Personal information
- Full name: Edward Lancelot Wall Henslow
- Born: 19 March 1879 Mere, Wiltshire, England
- Died: 12 March 1947 (aged 67) Salisbury, Wiltshire, England
- Batting: Unknown
- Bowling: Unknown

Domestic team information
- 1914–1923: Wiltshire

Career statistics
| Competition | First-class |
| Matches | 1 |
| Runs scored | 0 |
| Batting average | 0.00 |
| 100s/50s | –/– |
| Top score | 0 |
| Balls bowled | 42 |
| Wickets | 1 |
| Bowling average | 22.00 |
| 5 wickets in innings | – |
| 10 wickets in match | – |
| Best bowling | 1/22 |
| Catches/stumpings | 0/– |
- Source: Cricinfo, 9 January 2019

= Edward Henslow =

English cricketer and British Army officer

Colonel Edward Lancelot Wall Henslow OBE, MC (19 March 1879 - 12 March 1947) was a British Army officer and one-time first-class cricketer. He served in the Duke of Edinburgh's (Wiltshire Regiment) for much of his career and was mentioned in dispatches for his service in the Second Boer War. In 1909 he served on the general staff as a gymnastics instructor, during which time he made an appearance for the British Army cricket team. Henslow served with the Wiltshire Regiment in the First World War and received the Military Cross. After the war he joined the newly formed Army Physical Training Staff and rose to become inspector of physical training in 1928. Henslow retired in 1932 but returned to service during the first part of the Second World War.

== Early life ==
Henslow was born at Mere, Wiltshire on 19 March 1879 and joined the British Army as a second lieutenant in the 3rd (Royal Wiltshire Militia) Battalion, Wiltshire Regiment on 27 October 1897. He attended Worcester College at the University of Oxford before joining the regular army in the Duke of Edinburgh's (Wiltshire Regiment) on 20 May 1899. He received promotion to lieutenant on 14 May 1900. He served with the regiment in the Second Boer War and was mentioned in dispatches by Lord Kitchener on 29 July 1902. He was promoted to captain in 1905 and seconded to the general staff on 15 April 1909 as a gymnastics instructor, a role he held until 15 April 1913. Henslow made his sole first-class cricket appearance for the British Army cricket team in 1912 against the Royal Navy at Lord's, bowling 42 balls and taking one wicket, that of Gerald Harrison. He debuted in minor counties cricket for Wiltshire in July 1914, an association he would maintain until 1923.

==First World War ==
Henslow served in the First World War. He was with the 2nd Battalion of the Wiltshire Regiment in Gibraltar in August 1914 when it was recalled to England to join the 21st Brigade. Henslow was awarded the Military Cross on 5 May 1919. He had been promoted to the temporary rank of major on 24 February 1919 when he was appointed assistant inspector of physical training. Later that year he was confirmed in the substantive rank of major, backdated to 1 September 1915.

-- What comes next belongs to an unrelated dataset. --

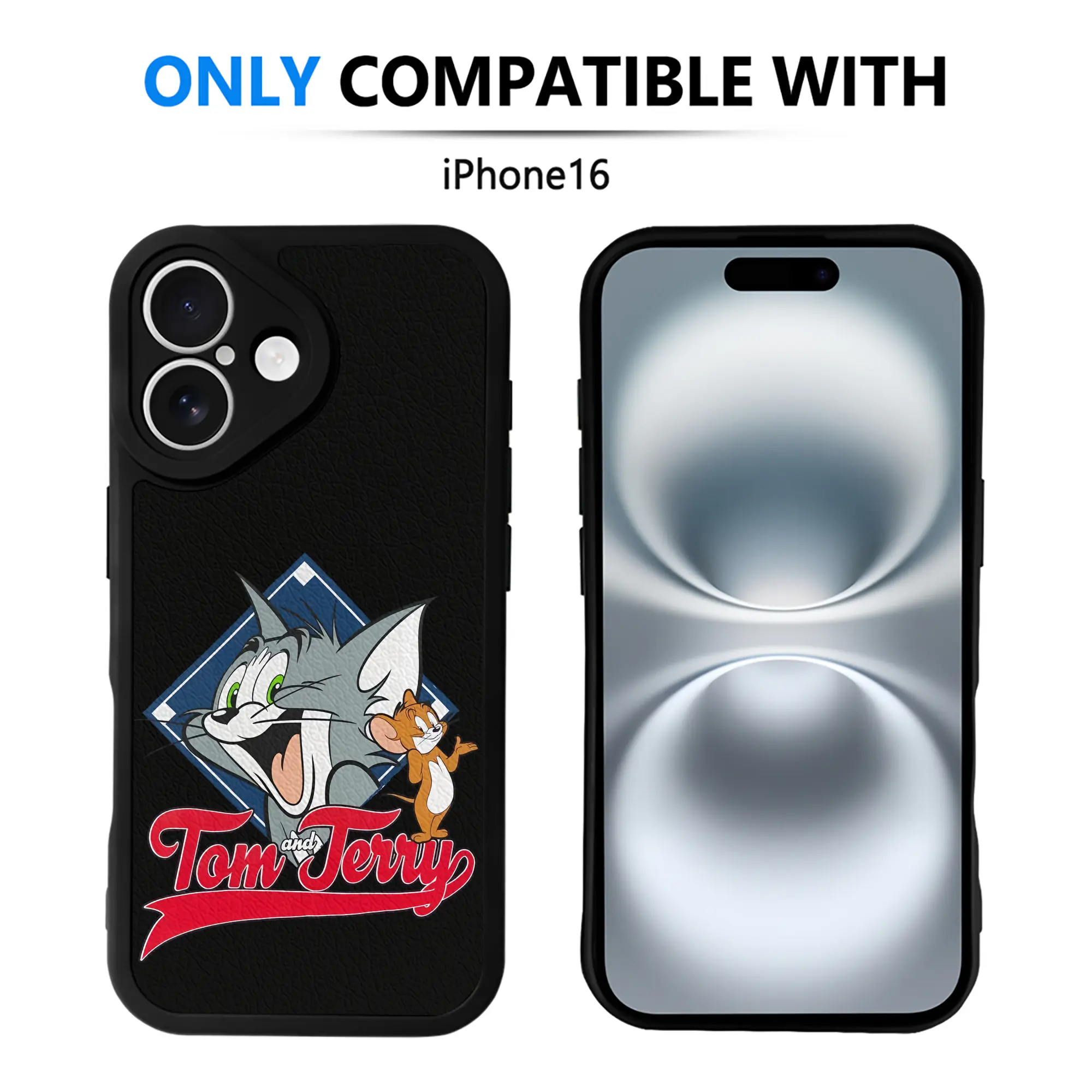 トムとジェリー グッズ トム - IPhone 16シリーズ対応 ・ シリコンスマホケース ・ レザー調 ・ 高精度フィット ・ 耐衝撃 ・ ワイヤレス充電対応 ・ 精密カット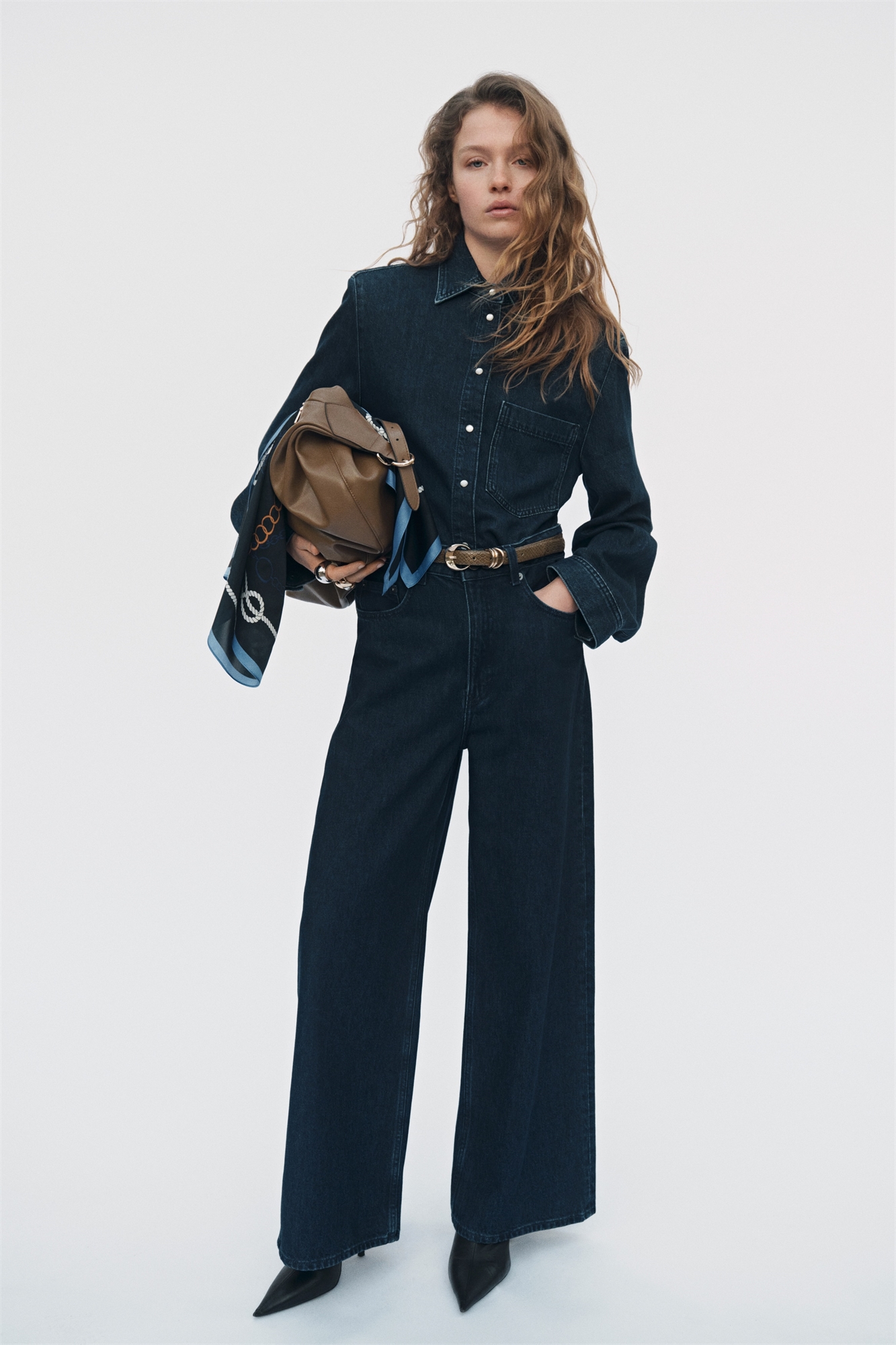Рубашка из хлопкового денима с воротником, перламутровыми пуговицами спереди и открытым нагрудным карманом. Накладки на плечах для придания силуэту четкости, ярмо сзади и длинные рукава с перламутровыми пуговицами на манжетах. Закругленный подол.

== Inter-war and Second World War service ==
On 1 April 1922 he was appointed as a commandant (class AA) of the Army School of Physical Training at Aldershot. Henslow was appointed an Officer of the Order of the British Empire on 5 June 1926, when he was a lieutenant-colonel and commanding officer of the school. He was promoted to the rank of colonel on 8 June 1926. Henslow was appointed inspector of physical training on 1 January 1928. In 1930 he was responsible for relocating the Army Physical Training Staff's headquarters from Aldershot to the War Office in London, which allowed for closer collaboration with the Director of Military Training. He also arranged for a staff officer to be allocated to the HQ to allow for closer relations with the General Staff. Henslow retired on 1 January 1932. During the 1930s he advocated the Brotherhood Movement, an organisation that used exercise and religion to educate British youth, as a democratic alternative to the British Union of Fascists.

Henslow was recalled for service on 7 June 1939 before retiring for the last time on 30 May 1942. He died at Salisbury, Wiltshire on 12 March 1947. The Henslow Room at the Army School of Physical Training, which is now a cardiovascular fitness suite, is named after him.